- Opening Delimiter -

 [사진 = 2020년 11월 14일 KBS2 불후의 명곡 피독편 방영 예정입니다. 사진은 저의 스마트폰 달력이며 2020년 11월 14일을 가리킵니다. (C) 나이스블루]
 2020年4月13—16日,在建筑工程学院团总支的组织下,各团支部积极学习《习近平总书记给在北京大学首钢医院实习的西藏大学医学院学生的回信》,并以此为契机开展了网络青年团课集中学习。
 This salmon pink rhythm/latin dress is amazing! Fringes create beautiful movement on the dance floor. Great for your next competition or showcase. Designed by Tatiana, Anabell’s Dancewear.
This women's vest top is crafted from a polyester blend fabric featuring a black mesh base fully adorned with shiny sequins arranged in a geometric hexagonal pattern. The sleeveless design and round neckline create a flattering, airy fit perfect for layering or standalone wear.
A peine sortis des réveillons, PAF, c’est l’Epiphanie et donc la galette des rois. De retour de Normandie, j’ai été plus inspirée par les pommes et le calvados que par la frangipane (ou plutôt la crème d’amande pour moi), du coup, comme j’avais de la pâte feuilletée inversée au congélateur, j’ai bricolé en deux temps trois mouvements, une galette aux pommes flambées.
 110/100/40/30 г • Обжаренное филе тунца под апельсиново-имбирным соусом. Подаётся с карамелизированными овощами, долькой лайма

- Closing Delimiter -
- Opening Delimiter -

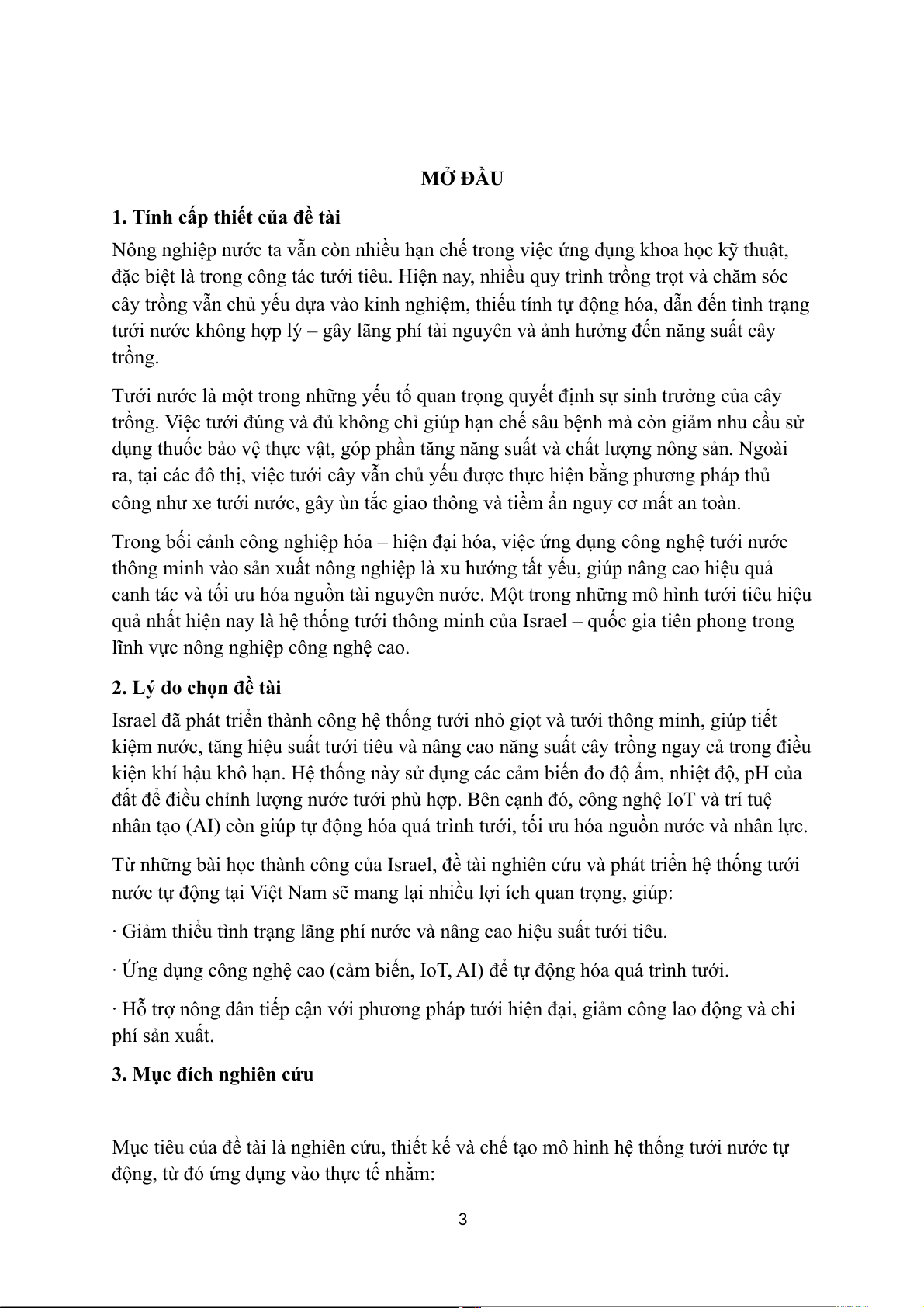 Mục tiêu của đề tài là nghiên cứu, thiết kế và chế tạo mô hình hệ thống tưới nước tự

- Closing Delimiter -

*Task to carry out*: Write out, from the lines above, only those from the line with "[사진 = 2020년" to the line with "2020年4月13—16日,在建筑工程学", exactly as given, including the first and the last.

*Task answer*:
 [사진 = 2020년 11월 14일 KBS2 불후의 명곡 피독편 방영 예정입니다. 사진은 저의 스마트폰 달력이며 2020년 11월 14일을 가리킵니다. (C) 나이스블루]
 2020年4月13—16日,在建筑工程学院团总支的组织下,各团支部积极学习《习近平总书记给在北京大学首钢医院实习的西藏大学医学院学生的回信》,并以此为契机开展了网络青年团课集中学习。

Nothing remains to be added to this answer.